I’m not feeling particularly grace-full at the moment. I’ll have my emotional grace back tomorrow. Or maybe a day later on.
I hate being too much of a downer or a whiner here. But I guess it’s only natural once in a while. I don’t mind at all when other people are open in blogging about their own struggles. I actually really like getting those insights into them, and it would never occur to me to think anything negative about them for it. I should learn to remember that more. Sometimes I feel like I can’t tell people the bad stuff. Some part of me feels like they’ll judge me, ironically even more so since becoming so ill. People don’t like to hear other people complain. I worry they’ll be saying “doesn’t she realize how many other people have illnesses too?” Or think I”m being self-centred. Or weak. Or that I’m “giving in” to the illness. Or assume that I’m just wallowing too much, and that somehow every day of my existence is no longer a struggle. Or that they’ll be watching to see if I’m going to be one of those strong and positive patients or…that other kind.
It’s funny – when I first started this blog, I titled it Emotional Umbrella, and kept it entirely anonymous, and wrote about all the gory details of things without worrying who was reading them. Now I’ve made friends through this identity. And there are people out there who know me as a person and not just as a blogger. And somehow even though these people are wonderful and accepting, and got to know me by reading all my dirt in the first place, it’s harder now to let the grungy parts show.
But today will be a little bit grungy.
I generally do try very hard to stay positive about things. I’ve been told I’m doing that remarkably well overall. I joke, and laugh, and appreciate the good that’s still in my life, and empathize with the many other people going through their own challenges, and look forward to a future with more freedom in it for me. And I try not to look at all the ways in which my life is now less than what I’d hoped it would be. I do try.
But sometimes this whole situation just feels…really hard. And sometimes when I least expect it, some of that will come bubbling up, and overflow me, and come streaming down my face for a little while.
I just need to vent today. There are a lot of things brewing in there that I’ve been trying to ignore. In some moments, all of this just feels so terribly unfair. I want my life back. I so badly want even the tiniest scraps of my life back. I want to go out for an evening with my husband. I want to see my friends. I want to accomplish things with my days. I want to be useful. I want to add value. I want to make my own choices on whether or not to have kids. I want to leave the house under my own power, and not have other people stare at me, or awkwardly avoid staring at me, or ignore me completely and talk to my husband. I want to be able to go out without knowing that the people looking at me only see the illness. I want to be able to use a normal fucking wheelchair rather than my monstrosity with its back down and its legs out and its giant giant wheels. I want to be able to push it my fucking self. I want to go outside when I want to.
At least I can leave with my husband’s help on rare occasions and for very short periods. I know that I should be grateful to have that much, and really, I am most of the time. I know that there are people out there with this who can’t do that much, even if they’re willing to risk payback. So many people are living their whole life through a window.
I want to be able to handle simple, tiny, trivial things without being run over by a truck for it.
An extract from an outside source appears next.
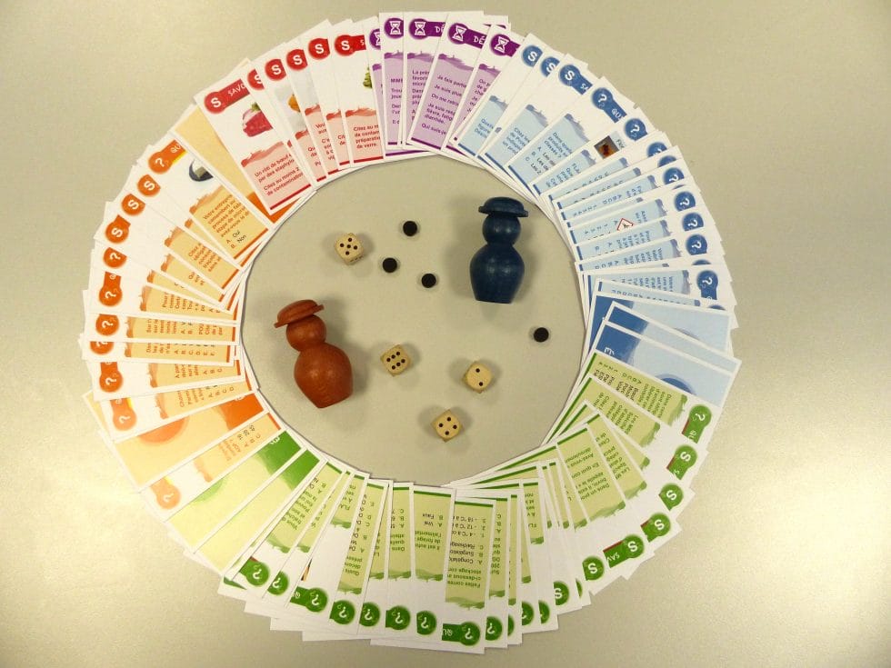 - 4 parcours de type Trivial poursuit avec des cartes contenant des questions – réponses (92 cartes)
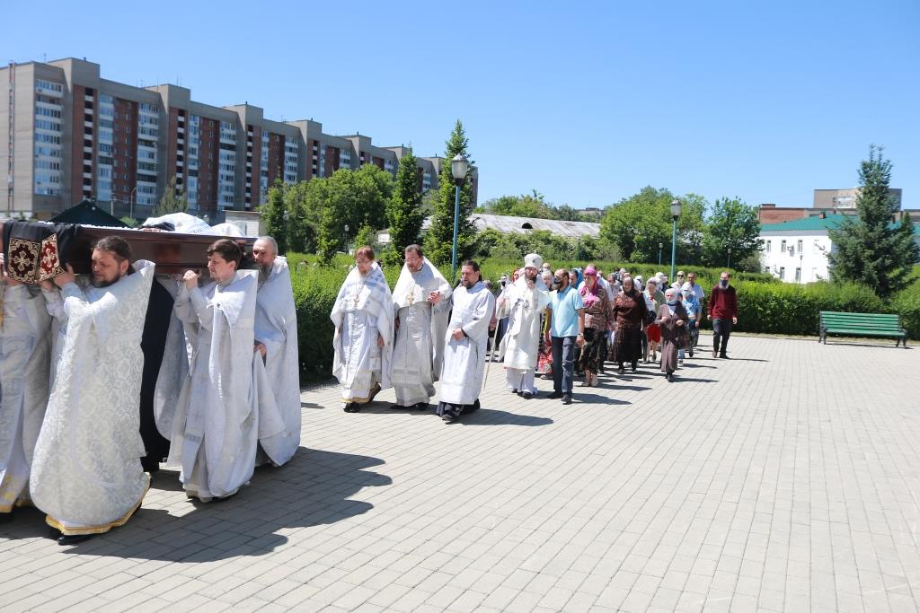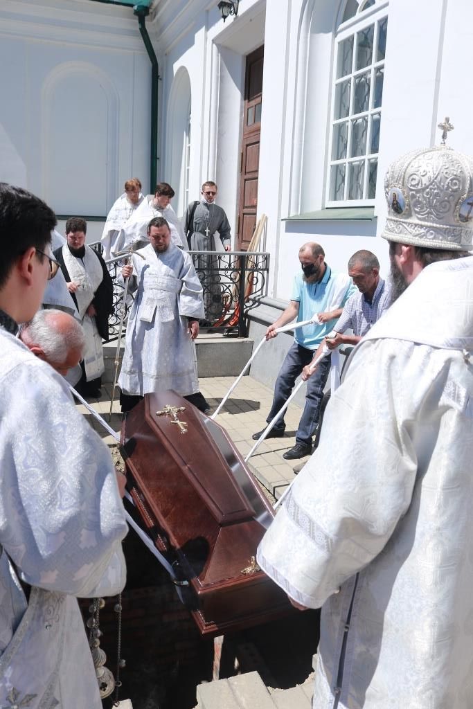 Чин отпевания совершил Преосвященнейший епископ Амфилохий в сослужении духовенства Усть-Каменогорского церковного округа. О упокоении души архимандрита Спиридона молились многочисленные прихожане храмов города Усть-Каменогорска, насельники Свято-Троицкого мужского монастыря, сотрудники епархиального управления, духовные чада, родные и близкие новопреставленного. Отец Спиридон был погребен у алтаря Свято-Троицкого храма.

I was wretchedly ill the last couple of days. Wretchedly ill, like a really bad flu, with swollen glands in my neck, and a super sore throat, and pain in my head and neck, and sweats, and aches, and stomach problems, and that deep exhaustion and weakness and discomfort that comes with any awful virus. Why? Because the person who comes normally to give me a bath was off sick this week, and the replacement talked a lot. The person who comes to give me a bath…triggered intense illness from talking at me. Putting aside the indignity of the first part for a minute, that second part doesn’t even sound like it should be real. (Seriously??). And yet it is. I hate the neurological piece of this. I hate that thinking and listening and watching and reading have the potential to make me ill, or to take away even what little independence I have left for days or weeks or more.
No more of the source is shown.